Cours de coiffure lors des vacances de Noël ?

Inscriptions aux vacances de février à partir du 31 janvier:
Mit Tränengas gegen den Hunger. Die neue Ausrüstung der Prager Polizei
******
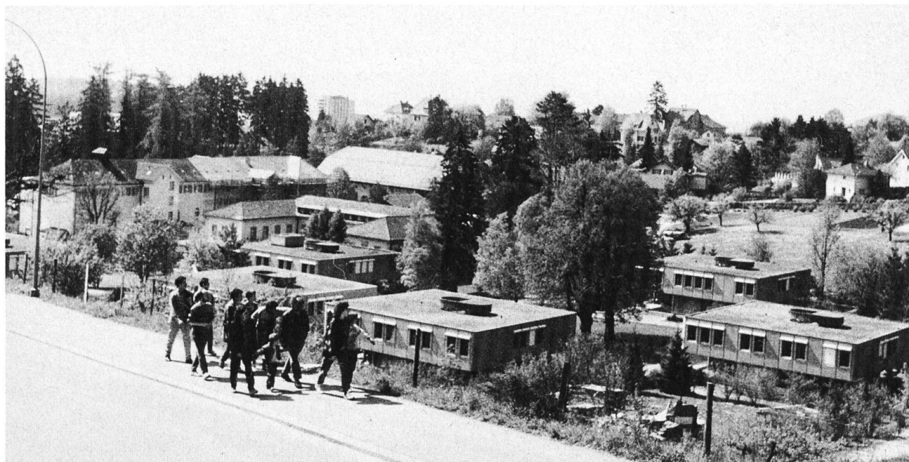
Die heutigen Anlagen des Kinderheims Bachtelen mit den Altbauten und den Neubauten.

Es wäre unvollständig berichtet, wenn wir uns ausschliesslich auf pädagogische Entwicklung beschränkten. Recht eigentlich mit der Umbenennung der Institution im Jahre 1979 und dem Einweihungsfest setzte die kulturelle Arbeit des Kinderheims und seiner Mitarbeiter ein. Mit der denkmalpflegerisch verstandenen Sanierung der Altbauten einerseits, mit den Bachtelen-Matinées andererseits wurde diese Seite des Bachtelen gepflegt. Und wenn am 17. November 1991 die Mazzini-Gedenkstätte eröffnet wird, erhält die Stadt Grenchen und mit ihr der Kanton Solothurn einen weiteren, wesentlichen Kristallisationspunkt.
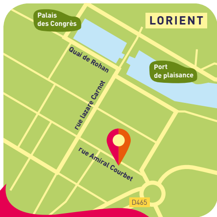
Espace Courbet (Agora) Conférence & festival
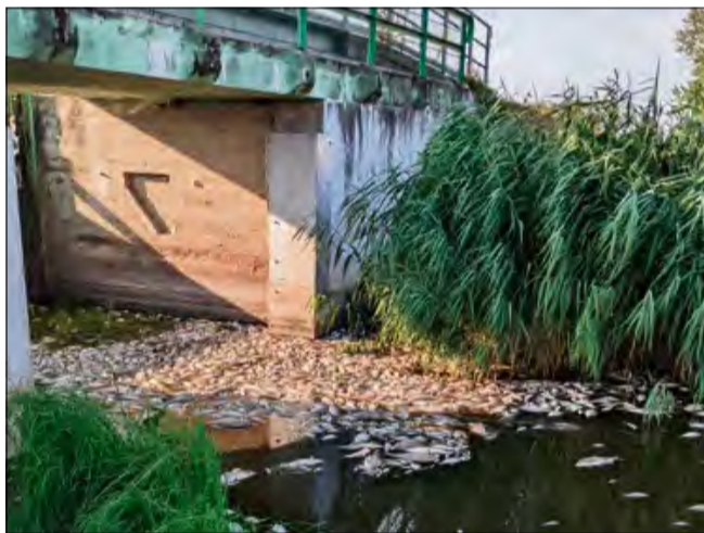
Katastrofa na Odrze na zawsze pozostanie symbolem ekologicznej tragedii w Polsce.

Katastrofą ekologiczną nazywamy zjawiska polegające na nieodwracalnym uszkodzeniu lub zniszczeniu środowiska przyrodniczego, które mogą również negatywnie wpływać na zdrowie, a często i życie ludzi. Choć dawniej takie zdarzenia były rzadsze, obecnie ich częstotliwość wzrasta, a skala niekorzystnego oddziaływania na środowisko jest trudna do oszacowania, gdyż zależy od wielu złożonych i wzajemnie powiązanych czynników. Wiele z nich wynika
******
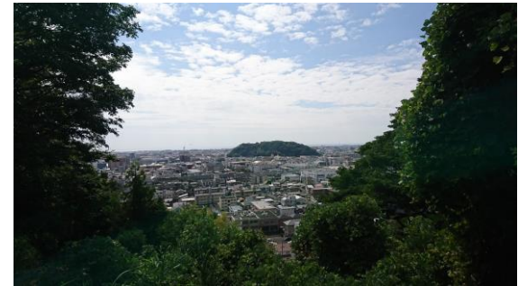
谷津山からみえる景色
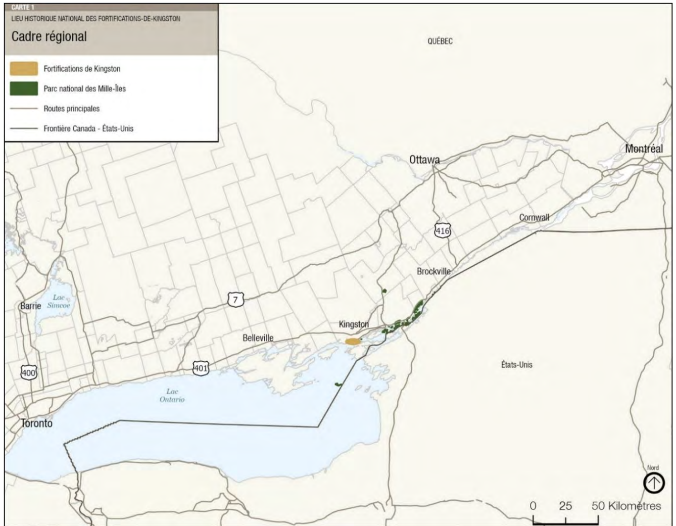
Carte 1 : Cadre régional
******
Problem ->
In the records above, find each line that holds the word "Kinderheims"; copy all such lines.

Exercise response ->
Die heutigen Anlagen des Kinderheims Bachtelen mit den Altbauten und den Neubauten.
Es wäre unvollständig berichtet, wenn wir uns ausschliesslich auf pädagogische Entwicklung beschränkten. Recht eigentlich mit der Umbenennung der Institution im Jahre 1979 und dem Einweihungsfest setzte die kulturelle Arbeit des Kinderheims und seiner Mitarbeiter ein. Mit der denkmalpflegerisch verstandenen Sanierung der Altbauten einerseits, mit den Bachtelen-Matinées andererseits wurde diese Seite des Bachtelen gepflegt. Und wenn am 17. November 1991 die Mazzini-Gedenkstätte eröffnet wird, erhält die Stadt Grenchen und mit ihr der Kanton Solothurn einen weiteren, wesentlichen Kristallisationspunkt.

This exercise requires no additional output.